▶ [REQUIRED WORK] Reproduce only the lines below from the line containing "Asia Bellucci Italian" to the line containing "抖音元老级的探店博主、当时仅", exactly as written, with both end lines kept. Omit the pictures.

+++ TASK INPUT +++

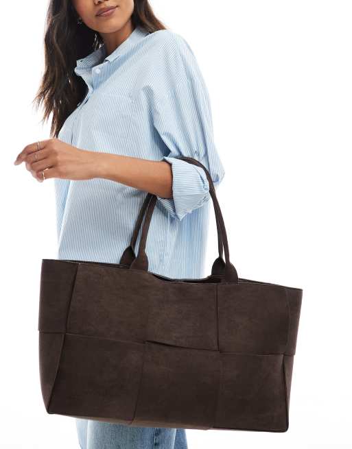 Glamorous – Ciemnobrązowa duża torba typu tote z imitacji zamszu o plecionej strukturze
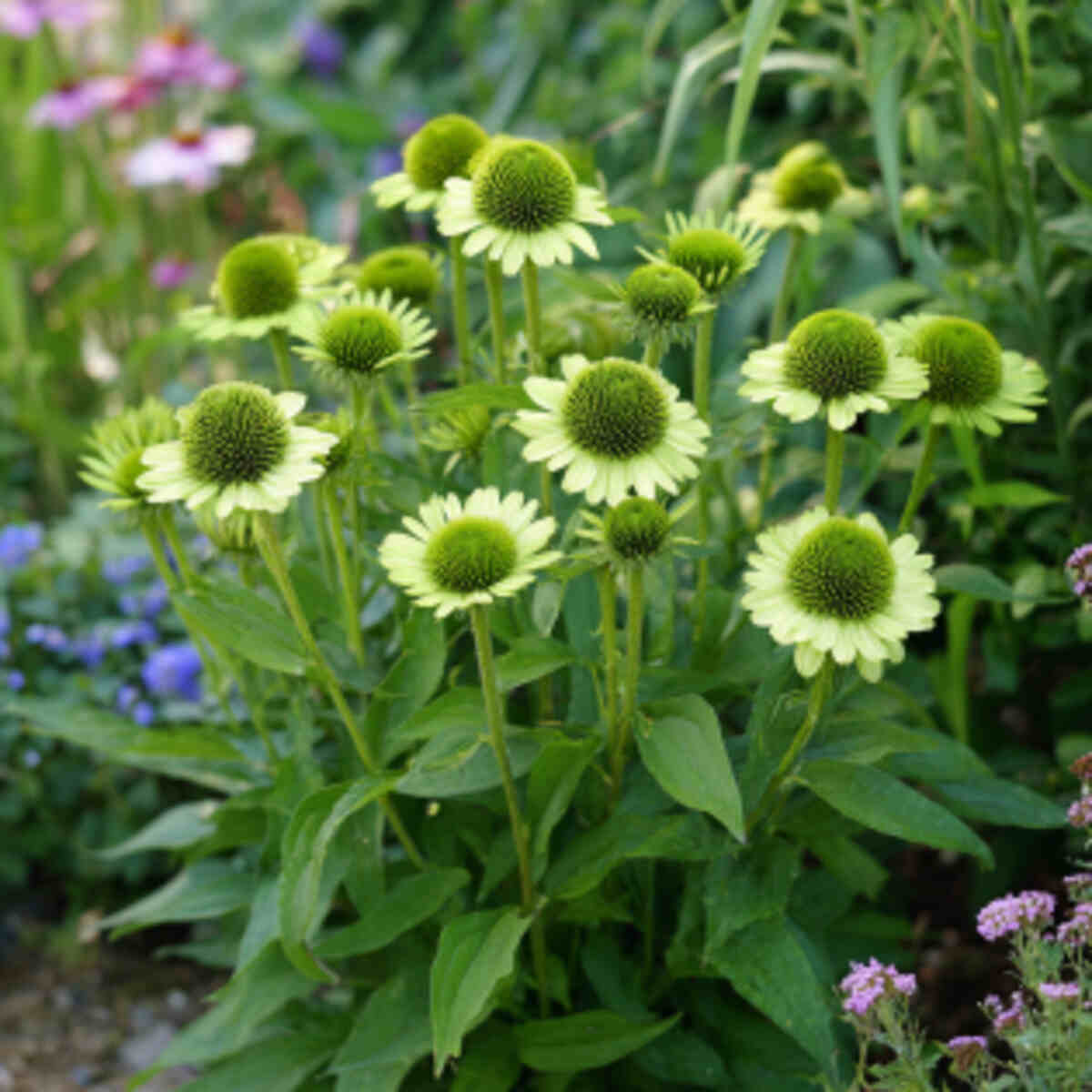 Green echinacea is unique and eye-catching when arranged in a circular bed. The symmetrical shape highlights their unusual color.
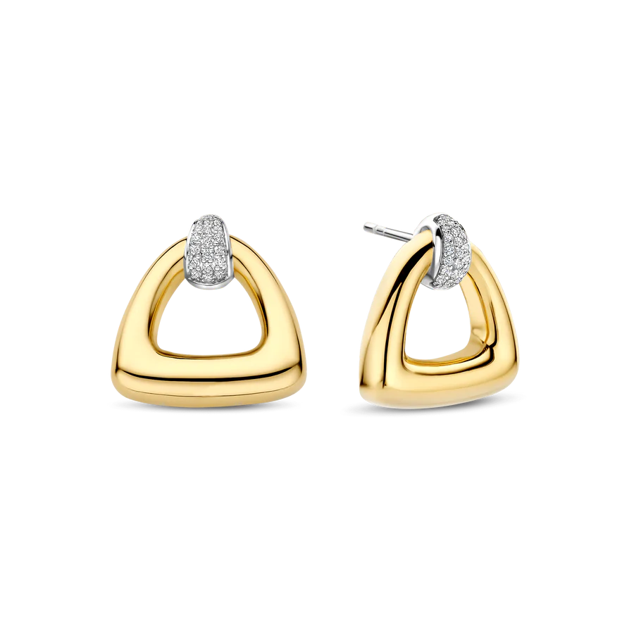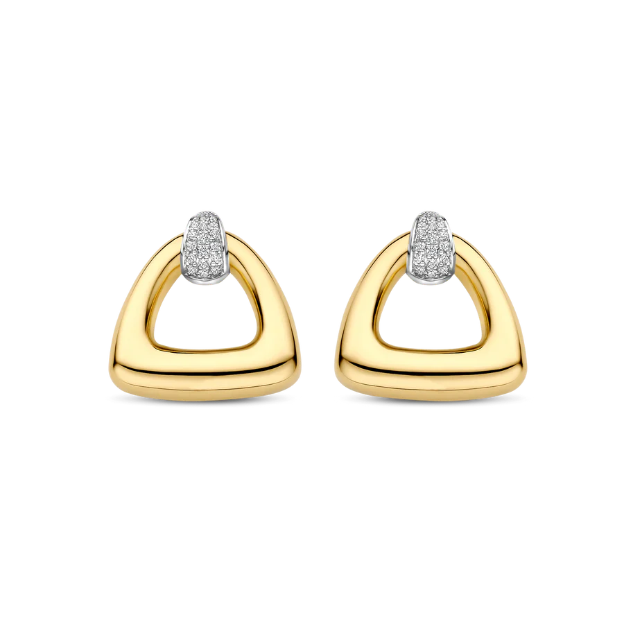 Deixe-se levar pelo luxo e pela sofisticação com os brincos bicolor TI SENTO 78034ZY em prata. Confeccionados em prata de lei 925, os brincos esculturais em formato de triângulo aberto são banhados em um radiante tom de ouro amarelo, com suas curvas arrojadas polidas até um brilho espelhado. No ápice, uma tampa banhada a platina cravejada com zircônias cúbicas brancas de lapidação brilhante adiciona um toque refinado e um contraste elegante ao tom quente do ouro.
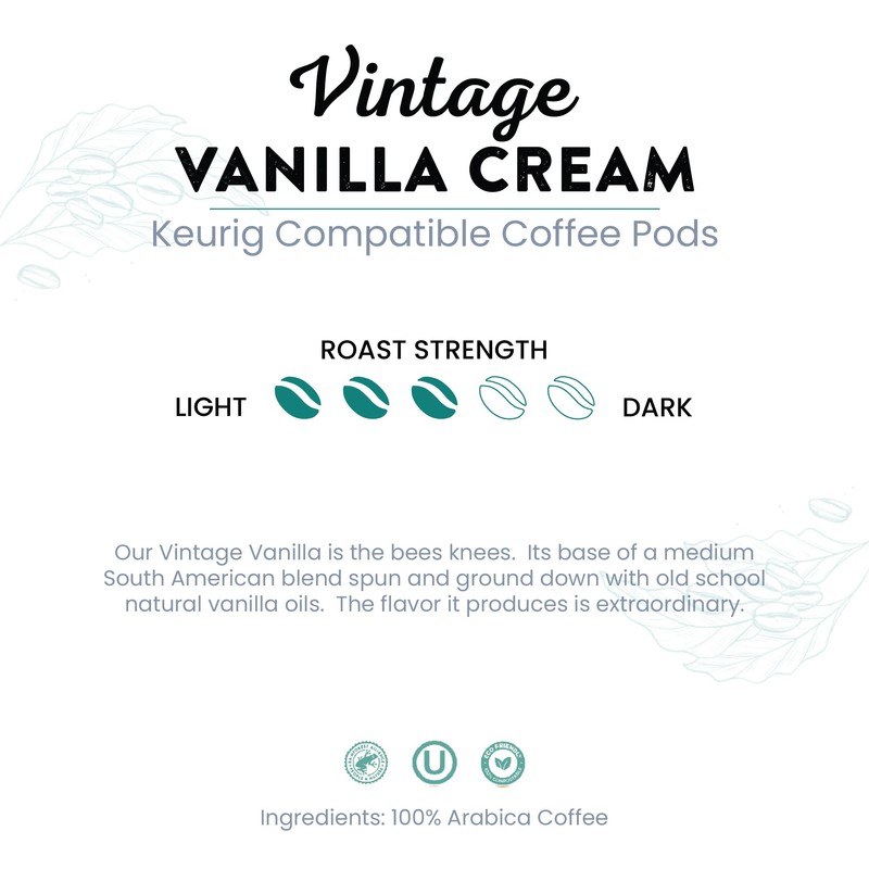 • 100 Vintage Vanilla Cream - Our Vintage Vanilla is the bees knees. Its base of a medium South American blend spun and ground down with old school natural vanilla oils.
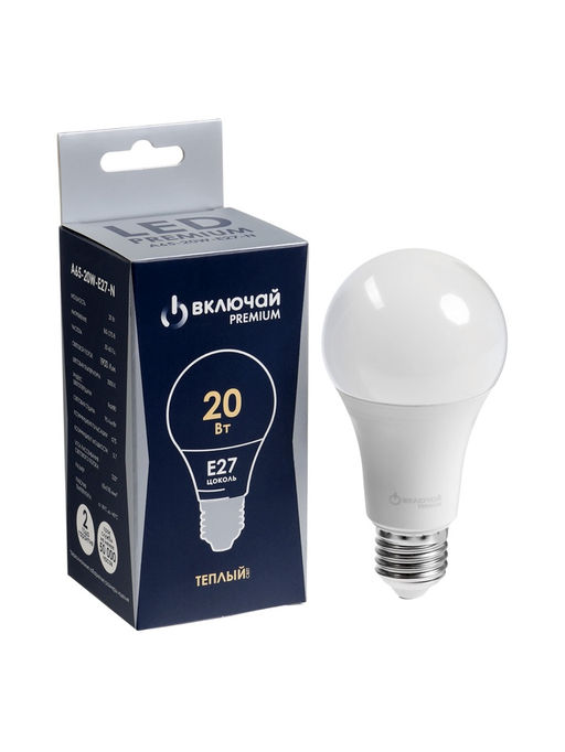 • Лампа светодиодная Включай, А65, 20 Вт, E27, 1900 Лм, 3000K, IP20, свечение тёплое белое, матовое ст
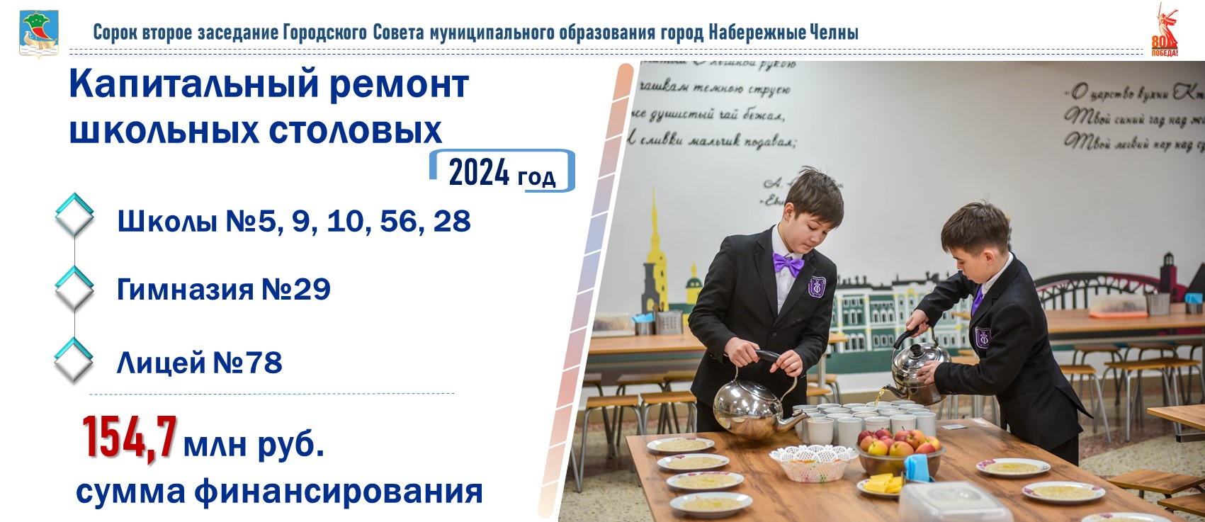 В 2024 году проведен ремонт пищеблоков семи школ: №№5, 9, 10, 56, 28, гимназии №29 и лицея №78. Ремонт пищеблоков будет продолжен и в этом году. Также ремонтные работы запланированы в школе №88 и гимназии №54. На сегодня капитального ремонта ждут 15 школ и 59 детских садов.
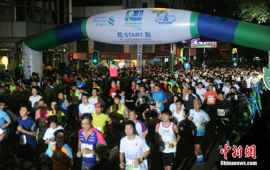 1月25日,一年一度的香港马拉松赛,全马及半马赛事分別在尖沙咀弥敦道起跑。中新社发 谭达明 摄
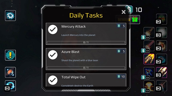 5、完成任务和成就并获得学分。用积分打开新型武器和行星。
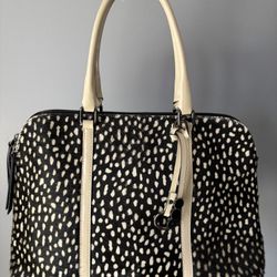 Asia Bellucci Italian Calf Hair Leather Tote Animal print Dual Zip Blk/crm $50Tinley Park, IL
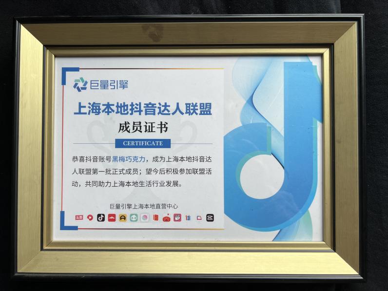 抖音元老级的探店博主、当时仅有2万粉丝的“黑梅巧克力”(下称黑梅)也在其中,她还曾获得第一批“上海本地杰出达人联盟成员证书”。
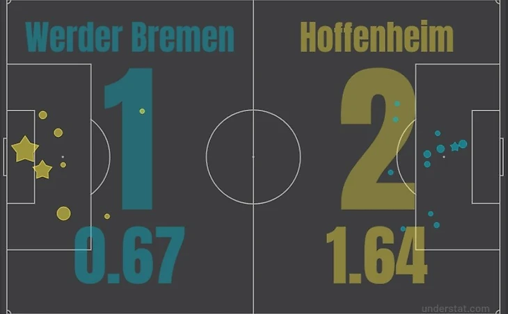 На 75-й минуте хозяева отыграли один мяч, Пипер получил точный пас от Вайзера. «Вердер» шел к этому голу, методично подбираясь к штрафной гостей. Подопечные Матараццо совсем перестали атаковать, что в играх с бременцами является плохой идеей. На последней компенсированной минуте Кабак сыграл рукой в штрафной, но Вайзер был в офсайде за мгновение до этого. Поэтому ни желтой Кабаку, ни пенальти для «Вердера» не получилось. «Хоффенхайм» выиграл второй матч подряд и стал ближе к спасению.
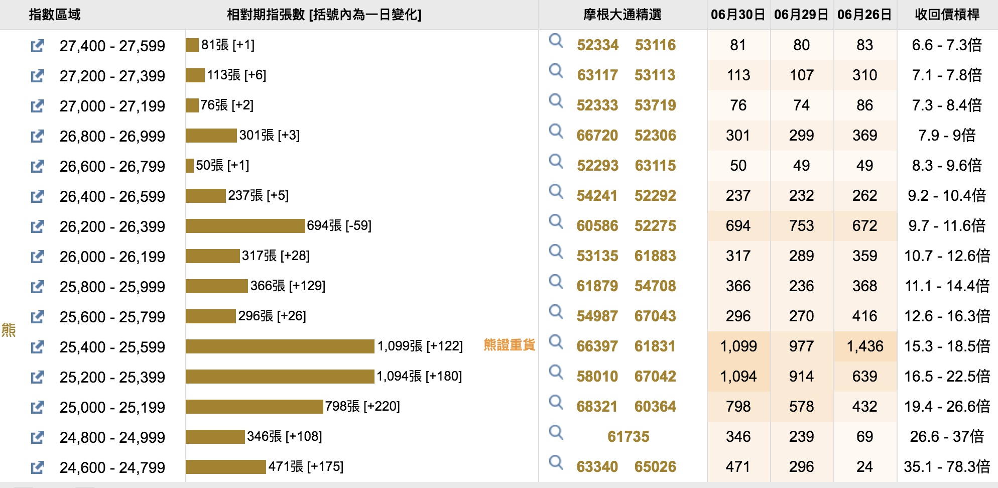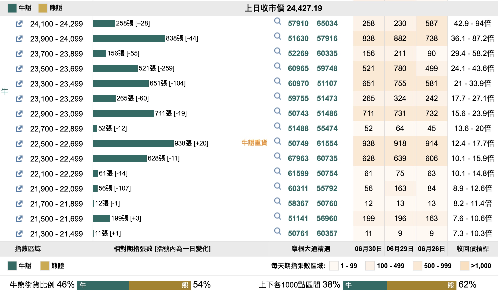 智通财经APP获悉,截至6月30日,恒指最新的牛熊街货比例46:54。摩根恒指牛熊证街货分布图中的数据显示,熊证街货重货区在25400-25599区间,该区间最新熊证数量为1099张,较上一交易日增加122张,最多新增区间在25000-25199,该区间最新熊证数量为798张,较上一交易日增加220张。牛证街货重货区在22500-22699区间,该区间最新牛证数量为938张,较上一交易日增加20张,最多新增区间在24100-24299区间,该区间最新牛证数量为258张,新增28张。

+++

▶ [SOLUTION BELOW]
 Asia Bellucci Italian Calf Hair Leather Tote Animal print Dual Zip Blk/crm $50Tinley Park, IL
 抖音元老级的探店博主、当时仅有2万粉丝的“黑梅巧克力”(下称黑梅)也在其中,她还曾获得第一批“上海本地杰出达人联盟成员证书”。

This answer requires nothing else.